昭和初期に、この鉈屋町に、長屋がありまして、そこにすんでいたのが、鳥居さんという男性。ある晩のこと、不思議な夢を見ました。お地蔵さんが、枕元に立って、
「私は長い間、土の中に埋もれているが、世の中の人々を守るため、世の中に出してほしい」
鳥居さん、目が覚めて不思議に思った。これまでこんな夢を見たことがなかった。それから、家を出て、やってきたのが、藤村さんという、大家さんのところ。

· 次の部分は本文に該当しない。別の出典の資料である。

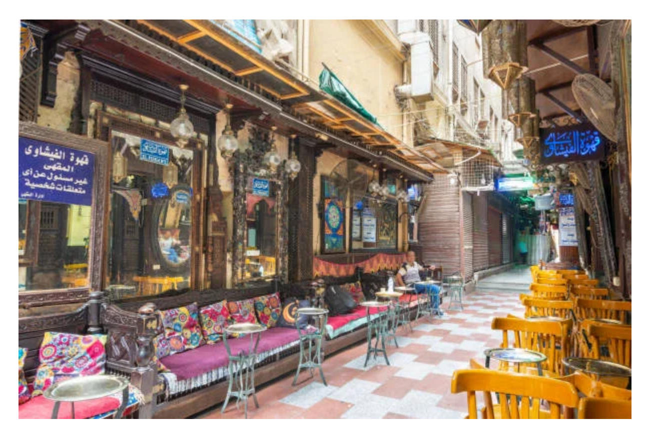
Day 5: Khan el-Khalili & Salah El-Din Citadel

When you get to the airport, we will transport you to our representative in an air-conditioned car so you can rest after a long day of travel to your Cairo hotel. The next morning, you may wake up after a peaceful night at our hotel. You will see Memphis , Saqqara , and the Giza pyramids with an expert tour after breakfast. Once this trip is over, we'll transport you to a nearby restaurant for lunch before dropping you off at your hotel , The next day, we will drive you to Alexandria to see the Qaitbay Citadel , where the Mamluk ruler had taken refuge in the late Mamluk era. In relation to the Pompey's Pillar , which is one of the Alexandrian Cemeteries ; in the evening, head back to the Cairo hotel to get ready for your visit to the Egyptian Museum , which has an extensive collection of antiquated artifacts; after that, head to the National Museum of Civilization , which leads to the church and the Jewish Temple , where you can learn about the nursery. After seeing the Coptic Museum , Coptic Plus goes to the Salah al-Din fortress and Khan Khalili Bazar , where leather, incense, and perfume are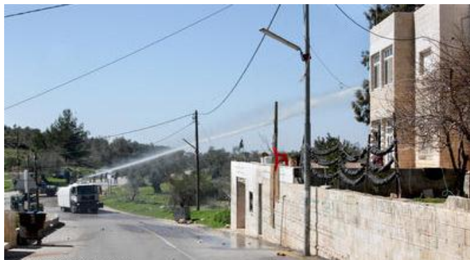
Israeli army spray residential area in Nabi Saleh with "skunk" water, March 2013.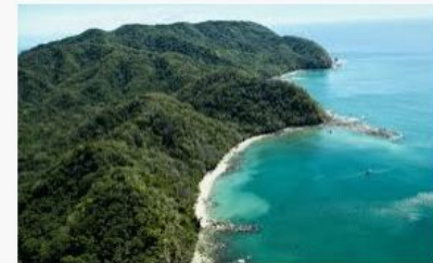
Blue Zone: Some of the Healthiest ... number8.com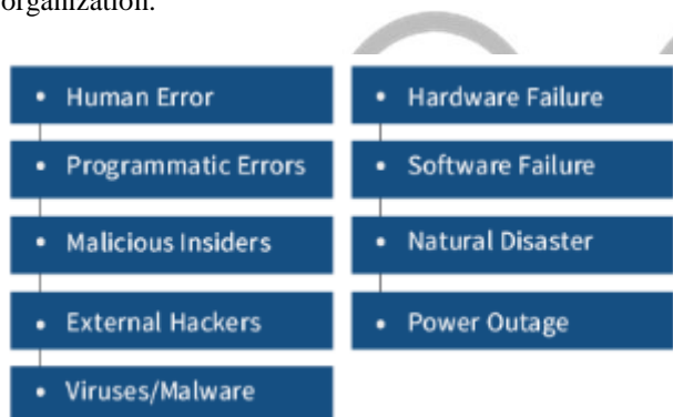
Figure 3 Major causes of data loss in cloud servers

For the protection of clients there ought to be our utilization security understanding between the cloud administration and client with the goal that everybody should realize that however is going on when a client is putting away its private records in the cloud servers. (Herhalt, 2012) At the point when any client sign in on visit cloud administration in the wake of entering their subtleties into the four there is an alternative of tapping on the client and friends understanding and it is the obligation of the client to peruse it appropriately with the goal that he should recognize what are the security laws of the distributed computing organization.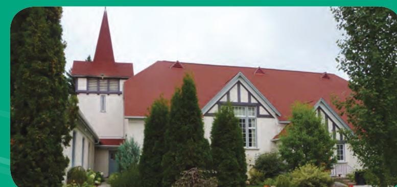
Parish of Christ Church Anglican (12116 – 102 Avenue)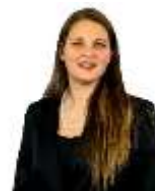
Katie Dugas-Truss Legacy YMCA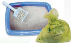
Pet waste and kitty litter (all varieties)

Put in a certified compostable bag or paper bag and tie/roll closed.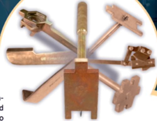
Drum Openers & Cutters

QTi® Non-Sparking Bung Wrenches and Drum Openers are high-quality, high-strength tools made from Copper Titanium alloy. They are used for opening and closing caps and seals of Drums/Barrels containing flammable liquids. There is no need to have different tools for different plug sizes.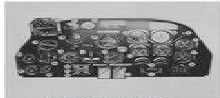
TYPICAL INSTRUMENT PANEL P-38A-25 Panel Diagram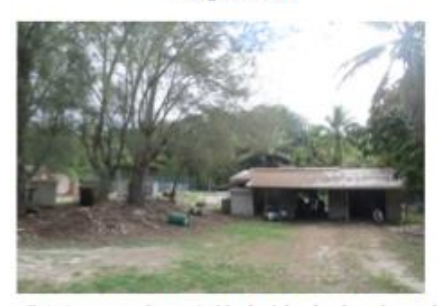
Existing power house in Mauke Island to be relocated to proposed solar power plant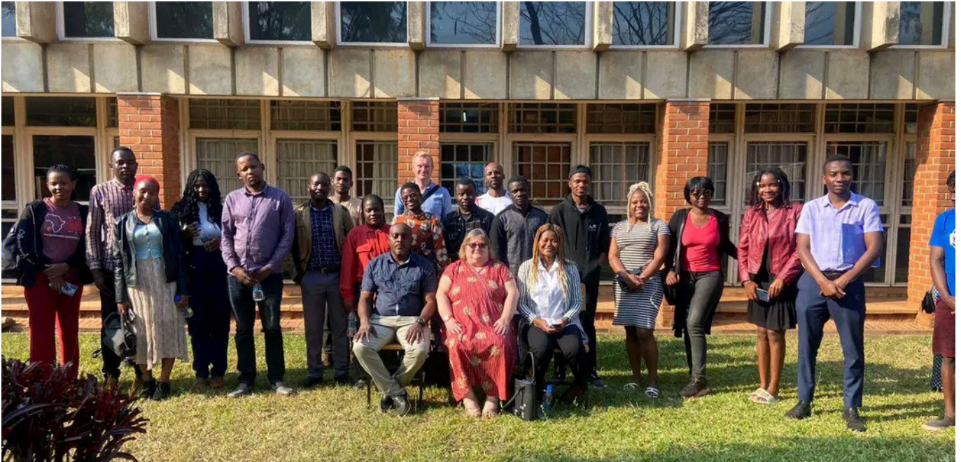
Social work scholars pose for a picture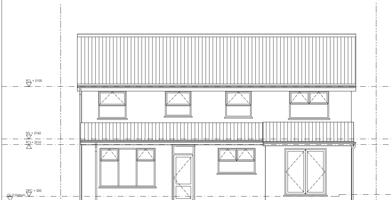
EXISTING REAR ELEVATION C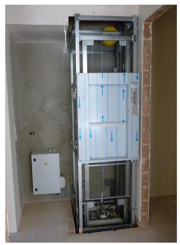
Top floor showing Control Box.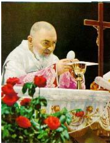
St. Padre Pio celebrating the Holy Mass

I was astonished to see my friend return to her pew surrounded by light, embraced by the Lord. I thought of the marvel that we miss so many times by going to receive Jesus with our small or large offences, when it should be a feast.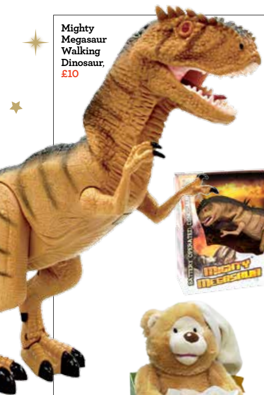
Mighty Megasaur Walking Dinosaur, £10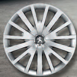
15" Steel Wheels with 'Ambre' Wheel Trims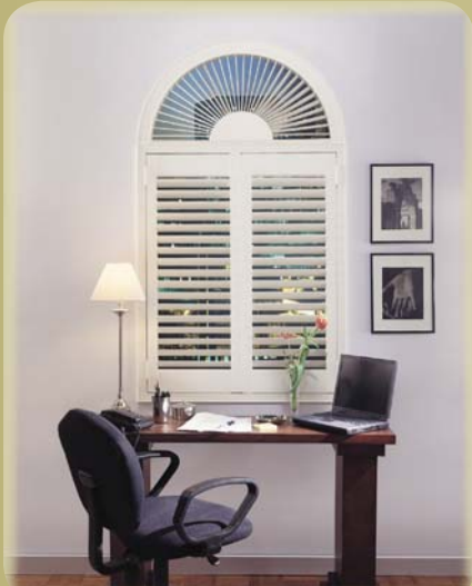
Plantation Custom Shutters

Plantation shutters are a beautiful combination of style, versatility and durability that add a warm, rich dimension to any setting. They are available in many different configurations: Bi-Fold track system, Bi-Pass track system, Double-hung windows, Café windows, Bay and bow windows, French and patio doors. They are rich with color finish choices and available with matching arches.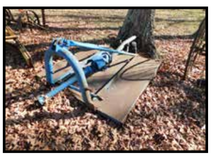
Ford 3 pt, 5' brush hog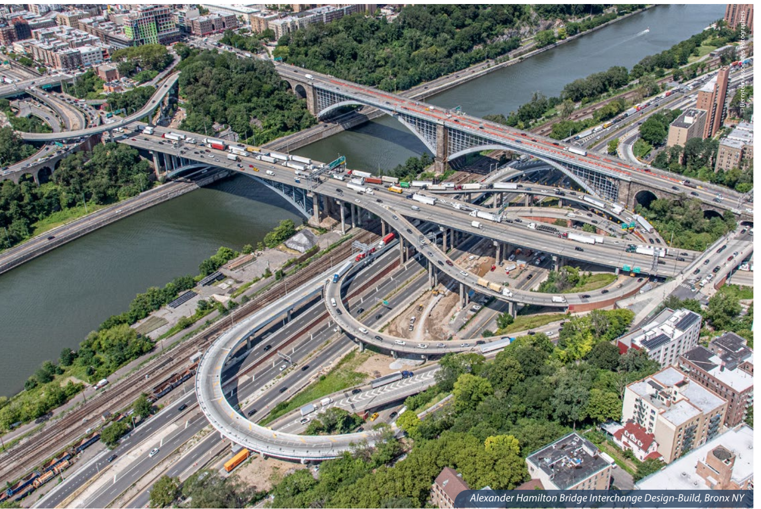
Alexander Hamilton Bridge Interchange Design-Build, Bronx NY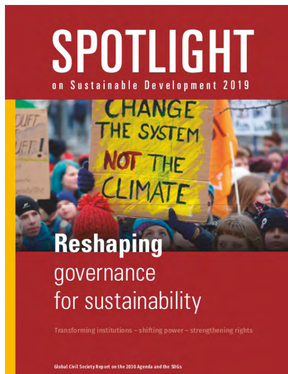
Spotlight on Sustainable Development – Report 2019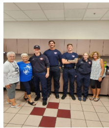
Food Was donated to First Responders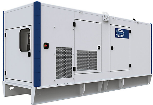
Generator shown is indicative and may not be representative of equipment available at the time.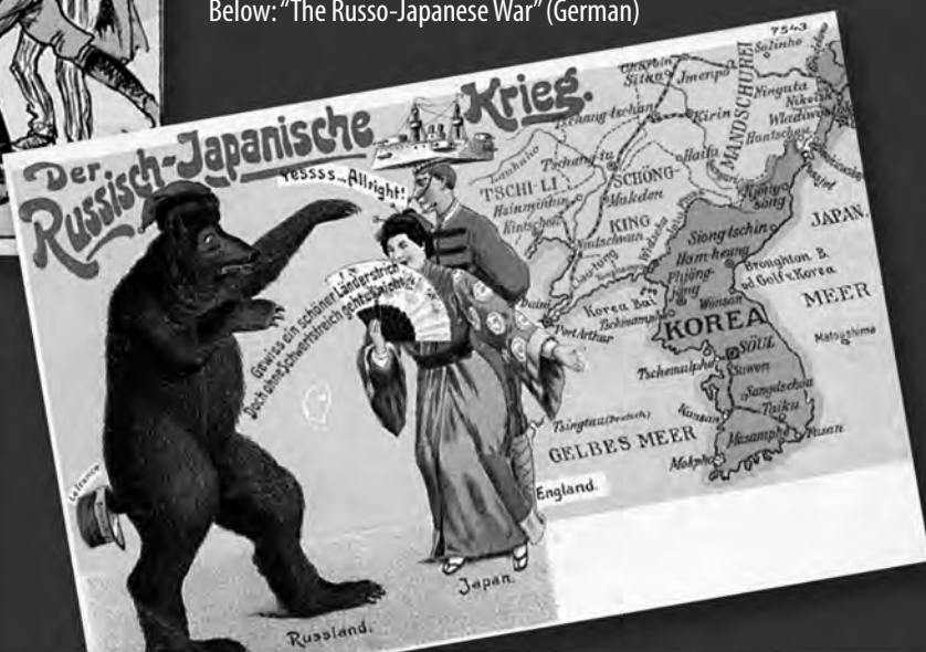
Below: “The Russo-Japanese War” (German)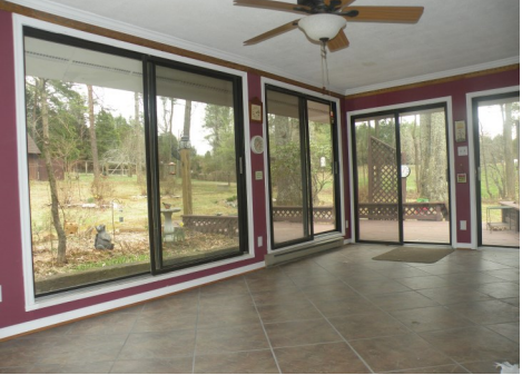
Heated Florida room, 12x23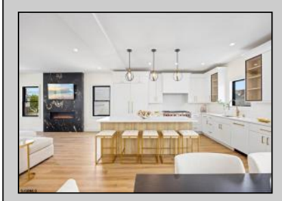
213 Iroquois Margate, NJ 08402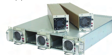
Astor N+1 DC PSU

Applications: radar, communications, control.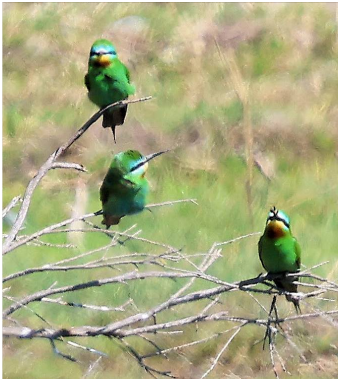
Blue-cheeked bee-eaters (DB).

After lunch we strolled up to the pools and had hardly gone any distance when we spotted a movement in the bushes which revealed itself as a male subalpine warbler!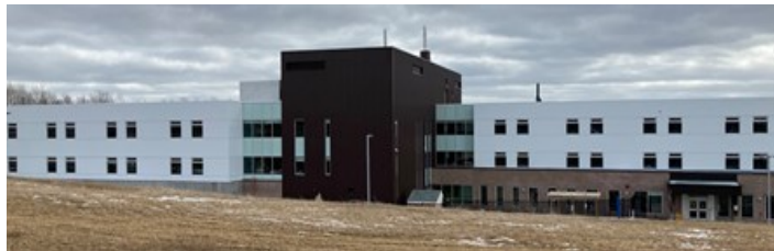
A community photo.

Construction has been completed on new 60-bed long-term care homes in Gander and Grand Falls-Windsor.

「大家さん。おはようございます。家賃を持ってきました」
「ああ、いつもちゃんと持ってきて貰って、有難い。さあ、上がって上がって。今、お茶を入れるさかい」
と大家さんが、お茶を入れる。
「鳥居さん、聞いておくれ。わしは、昨晩、妙な夢を見てなあ」
「へえ、どんな夢ですか」
実はなと、これから大家さんが語りだしたのが、お地蔵さんが、枕元に立って、
「私は長い間、土の中に埋もれているが、世の中の人々を守るため、世の中に出してほしい」
と、こういう夢を見た。鳥居さんが驚いて、
「大家さん。実は私も同じ夢を見ました」
「何。そうか。そしたら、その、お地蔵さんは、ここに埋もれているのかもわからんな。とりあえず、長屋の裏庭を掘ってみようか」
さあ、これから、畑仕事で使う、すき、クワでもって、裏庭を掘り返した。しかし、一向に埋もれたお地蔵さんが見つからない。どこに埋もれているのやら。そこで、いたこさんに相談することにしました。
いたこと申しますと、恐山のいたこが有名です。いたこの口寄せと言って、巫女さんが、死者の霊を呼びだして、死者に憑依して、その言葉を語る、これが有名ですね。以前、テレビでマリリンモンローのファンの方が、マリリンモンローを呼び出してほしいと、いたこさんにお願いをした。やがて、いたこさんが、霊を降ろしましたから、ファンの方が、おそるおそる、
「あのー、マリリンモンローですか?」
と聞くと、そのマリリンモンローは、
「んだ」
と青森弁で答えたという。そんな笑い話もございますが、盛岡にも、いたこうさんがいまして、よろず相談所というのか、なんでも、困り事があると、例えば、就職や、縁談、それに、引越をするが、どういう方角がいいかとか、肩がよく凝るがどういうことでしょうか、とか。なんでも、いたこさんに相談する。身近な存在だったようですね。
そこで大家さんと鳥居さんが、お地蔵さんの話をすると、それは三面地蔵尊に違いない。お地蔵さんの顔が三つある、三面地蔵尊。
幕末の頃、このあたりに住む武士の守り本尊だったらしい。ところが、戊辰戦争で、焼けてしまい、混乱の中、武士は亡くなって、三面地蔵尊も土の中に埋もれて、人々から忘れ去られてしまった。大家さんも鳥居さんもそんなお地蔵さんは聞いたことがない。すると、いたこさんが、青森県の十和田山に三面地蔵尊が祀られているので、仏さんを掘る、仏師の方をそれに連れて行って、同じものを作るが良いとアドバイスをくれた。そして、大家さん、鳥居さんは、仏師の方を連れて、十和田山に。すると、本当に、三面地蔵尊があった。仏師の方は、そのお地蔵さんを、模写して、盛岡に帰ってくると、精魂込めて、石を掘って、三面地蔵尊をこしらえた。そうして、現在の場所に祀ったそうです。
やがて、第二次世界大戦のときに、このあたりの若者が戦地へ行く。激戦のさなか、右腕を撃たれて負傷してしまった。すると、三面地蔵尊の右腕もボロっと落ちたそうです。現在も、お地蔵さんの片腕、切れた跡があるというのは、そういう訳だそうです。鳥居さんと、大家さんの子孫の藤村さんも、現在も、この土地に住んでいます。こんな話を教えて頂きました。「三面地蔵尊の由来」の一席。